Do you also realize that if you don't hold Financial and/or Medical Power of Attorney the staff does not even need to talk to you only ur sisters concerning your parents care. Not saying your concerns aren't important but you may be going about it all wrong. You get more done when ur nice to the staff. You don't accuse, you ask. Realize with Dementia an aide could have just given Mom water but Mom does not remember that.
You can override sisters' POAs by becoming your parents guardian but for 2 people that would be expensive. Then you can sell the houses and find a nice apartment for u all to live hiring aides. Because, you are going to have a hard time caring for two. It will be like caring for 2 toddlers. They need to be dressed, fed and diapers changed. Or, you can be a loving son, except what is and fill in where the aides seem to be falling short. And when it comes to Mom getting more tests to see where she is, she is 88 and no amt of testing is going to make her better. Her meds may have been stopped because they no longer help. Its what it is, no more can be done. Maybe Hospice should be called in so Mom will be kept comfortable and you have another pair of hands.
There comes a time when the poking and prodding actually causes the person anxiety. Its at that point you just stop it. They wanted to do a swallow test on my 89 yr old Dementia Mom who had closed her eyes a week before and refused to get out of bed.
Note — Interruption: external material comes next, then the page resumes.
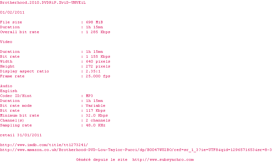 | Voir le nfo de la release Brotherhood.2010.REPACK.1080p.BluRay.x264-KaKa | KaKa | Brotherhood.2010.REPACK.1080p.BluRay.x264-KaKa OpenSubtitles | 0 fichier | ||
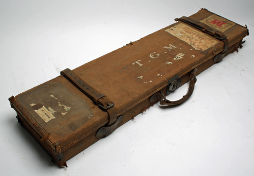 A CANVAS & LEATHER TAKE DOWN RIFLE CASE, converted from a guncase, lined with green material, brass lock (key missing), with an Army & Navy trade label on the interior lid, initialled T.G.M.

To do this test meant a transfer to the hospital, strange people, strange surroundings and poking and prodding. Nope, not putting Mom thru it. I had Hospice called in and she passed 6 days later. My DD an RN agreed with all my decisions. (Not being able to swallow is the first sign of the body shutting down)
And our children stand witness to this as they pass what should be carefree retirement years feeling guilty and angry.
You are correct. This is a very tough thing to witness.